TASK DETAILS
Line by line, repeat the material below exactly and leave the images out.

SUPPLIED DATA
[Start of section]

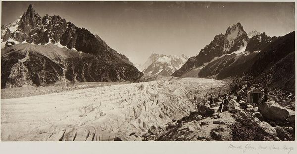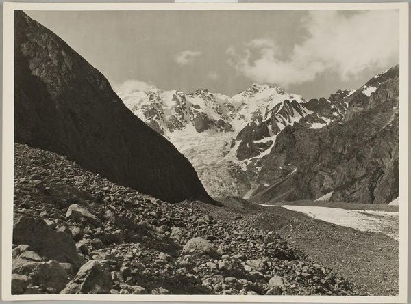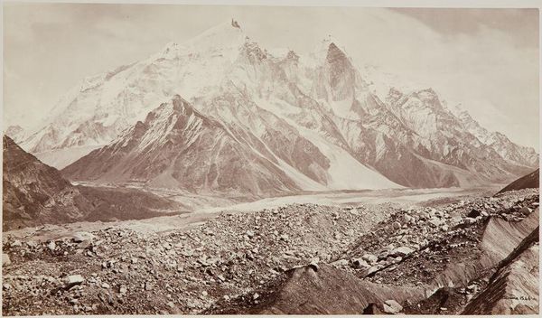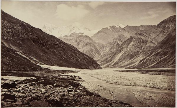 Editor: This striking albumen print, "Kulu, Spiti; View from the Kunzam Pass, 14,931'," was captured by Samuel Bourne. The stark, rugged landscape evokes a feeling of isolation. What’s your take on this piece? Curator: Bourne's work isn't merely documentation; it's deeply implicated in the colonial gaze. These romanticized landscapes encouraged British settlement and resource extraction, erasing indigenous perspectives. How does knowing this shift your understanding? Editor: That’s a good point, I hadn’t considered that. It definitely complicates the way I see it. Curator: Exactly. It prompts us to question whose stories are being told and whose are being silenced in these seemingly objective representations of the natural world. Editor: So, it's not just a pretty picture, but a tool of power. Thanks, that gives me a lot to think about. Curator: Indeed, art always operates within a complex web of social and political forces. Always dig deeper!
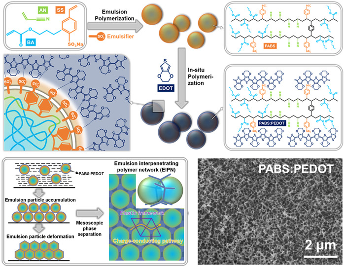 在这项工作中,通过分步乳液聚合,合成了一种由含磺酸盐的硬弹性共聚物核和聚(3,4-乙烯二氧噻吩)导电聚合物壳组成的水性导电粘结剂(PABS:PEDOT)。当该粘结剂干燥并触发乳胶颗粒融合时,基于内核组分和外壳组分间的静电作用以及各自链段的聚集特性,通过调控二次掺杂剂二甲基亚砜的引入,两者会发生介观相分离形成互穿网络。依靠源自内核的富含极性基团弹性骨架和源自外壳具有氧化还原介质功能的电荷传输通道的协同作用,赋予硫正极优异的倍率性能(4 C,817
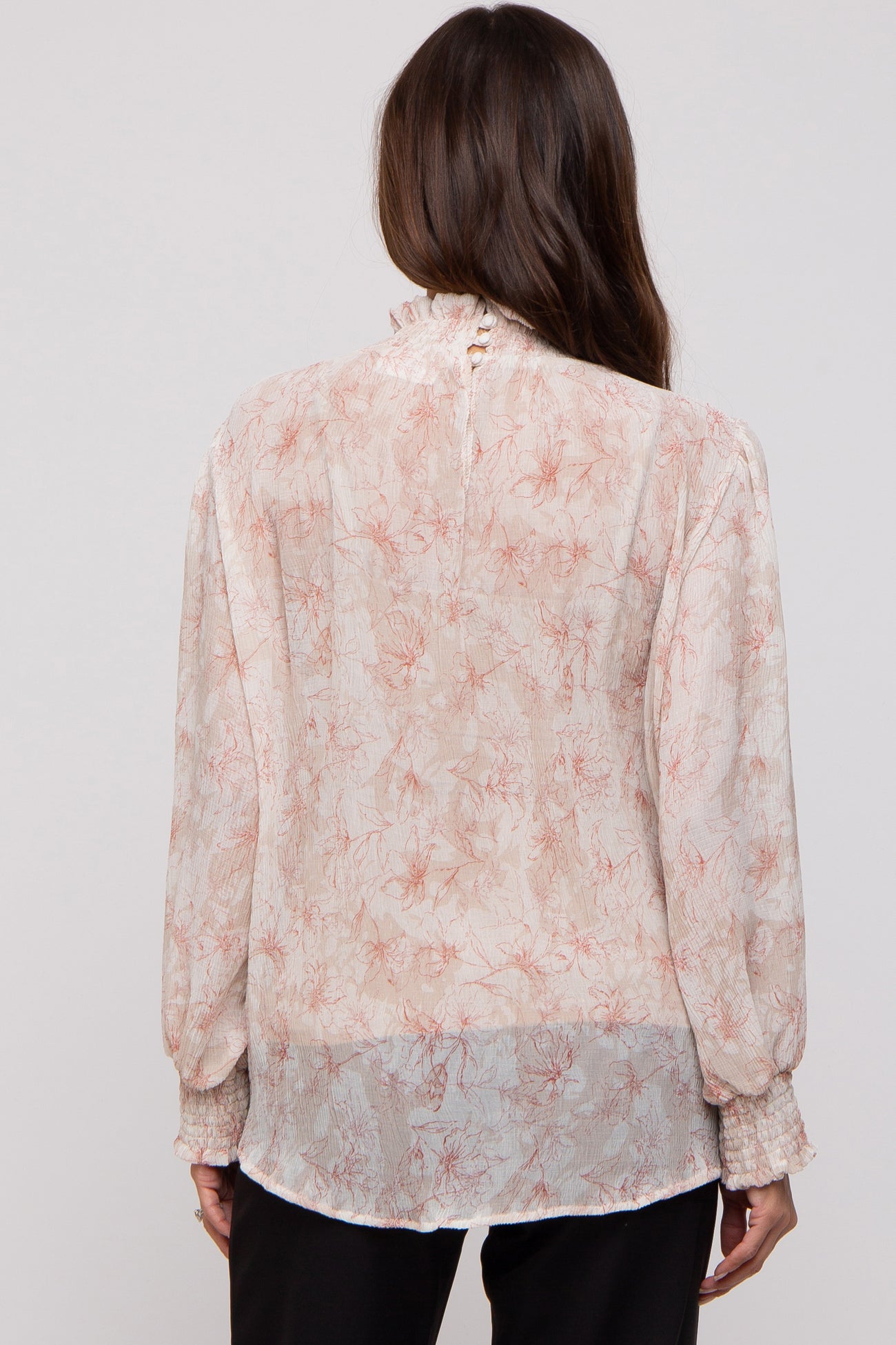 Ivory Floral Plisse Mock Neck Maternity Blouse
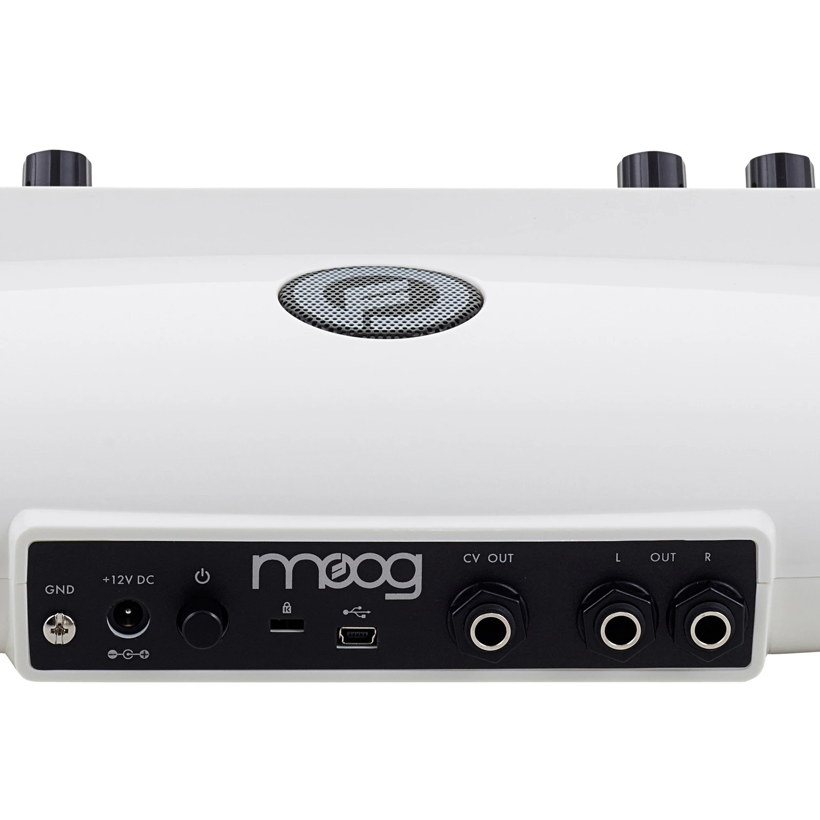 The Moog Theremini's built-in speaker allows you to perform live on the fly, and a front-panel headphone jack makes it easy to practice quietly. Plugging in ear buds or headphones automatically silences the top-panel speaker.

[End of section]

ANSWER TO THIS EXERCISE
 Editor: This striking albumen print, "Kulu, Spiti; View from the Kunzam Pass, 14,931'," was captured by Samuel Bourne. The stark, rugged landscape evokes a feeling of isolation. What’s your take on this piece? Curator: Bourne's work isn't merely documentation; it's deeply implicated in the colonial gaze. These romanticized landscapes encouraged British settlement and resource extraction, erasing indigenous perspectives. How does knowing this shift your understanding? Editor: That’s a good point, I hadn’t considered that. It definitely complicates the way I see it. Curator: Exactly. It prompts us to question whose stories are being told and whose are being silenced in these seemingly objective representations of the natural world. Editor: So, it's not just a pretty picture, but a tool of power. Thanks, that gives me a lot to think about. Curator: Indeed, art always operates within a complex web of social and political forces. Always dig deeper!
 在这项工作中,通过分步乳液聚合,合成了一种由含磺酸盐的硬弹性共聚物核和聚(3,4-乙烯二氧噻吩)导电聚合物壳组成的水性导电粘结剂(PABS:PEDOT)。当该粘结剂干燥并触发乳胶颗粒融合时,基于内核组分和外壳组分间的静电作用以及各自链段的聚集特性,通过调控二次掺杂剂二甲基亚砜的引入,两者会发生介观相分离形成互穿网络。依靠源自内核的富含极性基团弹性骨架和源自外壳具有氧化还原介质功能的电荷传输通道的协同作用,赋予硫正极优异的倍率性能(4 C,817
 Ivory Floral Plisse Mock Neck Maternity Blouse
 The Moog Theremini's built-in speaker allows you to perform live on the fly, and a front-panel headphone jack makes it easy to practice quietly. Plugging in ear buds or headphones automatically silences the top-panel speaker.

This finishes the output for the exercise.